- Data records -

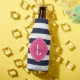 Monograma de tendências em forma de cuta ou refrigerador de frasco com padrão de banda náutica pré-definida. Personalize-o com um monograma personalizado ou outro texto em um quadro quatrefoil quic. Clique em Personalizar para alterar o texto e as fontes para criar um presente exclusivo para as suas damas de honra e festa de casamento! Entre em contato comigo antes de pedir para personalizar padrões ou design para coordenar com qualquer cor do casamento.
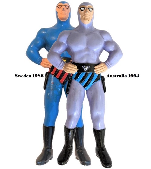 The figure is based on the 1986 blue Swedish Phantom PVC figure. In 1993, ‘Bulls’ Sweden (the sole licensee for Swedish Phantom produced merchandise) supplied ‘Global Comics Pty, Ltd’ with a pre painted purple 6” PVC figure, which was identical to the Swedish blue PVC figure first produced in 1986, however there are no dates or copyright trade marks on the Australian figure.
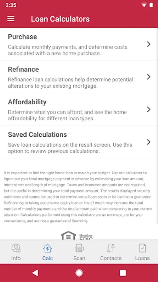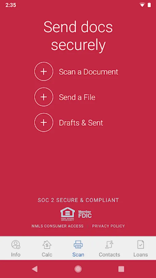• Calculate the possible savings (or cost) of refinancing your mortgage. • Use your phone for an easy way to get your documents to your loan officer by simply snapping a picture of the documents and uploading them. This saves a lot of time and expedites the approval process.
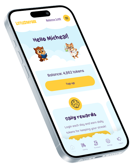 Simply top up your account with tokens to keep unlocking endless new stories for your child.
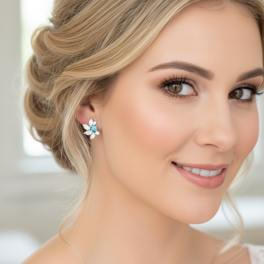 Aquamarine CZ Bridal Earrings in Sterling Silver

- Problem statement -
Without altering a word, return all of the records above and leave out their pictures.

- Expected output -
 Monograma de tendências em forma de cuta ou refrigerador de frasco com padrão de banda náutica pré-definida. Personalize-o com um monograma personalizado ou outro texto em um quadro quatrefoil quic. Clique em Personalizar para alterar o texto e as fontes para criar um presente exclusivo para as suas damas de honra e festa de casamento! Entre em contato comigo antes de pedir para personalizar padrões ou design para coordenar com qualquer cor do casamento.
 The figure is based on the 1986 blue Swedish Phantom PVC figure. In 1993, ‘Bulls’ Sweden (the sole licensee for Swedish Phantom produced merchandise) supplied ‘Global Comics Pty, Ltd’ with a pre painted purple 6” PVC figure, which was identical to the Swedish blue PVC figure first produced in 1986, however there are no dates or copyright trade marks on the Australian figure.
• Calculate the possible savings (or cost) of refinancing your mortgage. • Use your phone for an easy way to get your documents to your loan officer by simply snapping a picture of the documents and uploading them. This saves a lot of time and expedites the approval process.
 Simply top up your account with tokens to keep unlocking endless new stories for your child.
 Aquamarine CZ Bridal Earrings in Sterling Silver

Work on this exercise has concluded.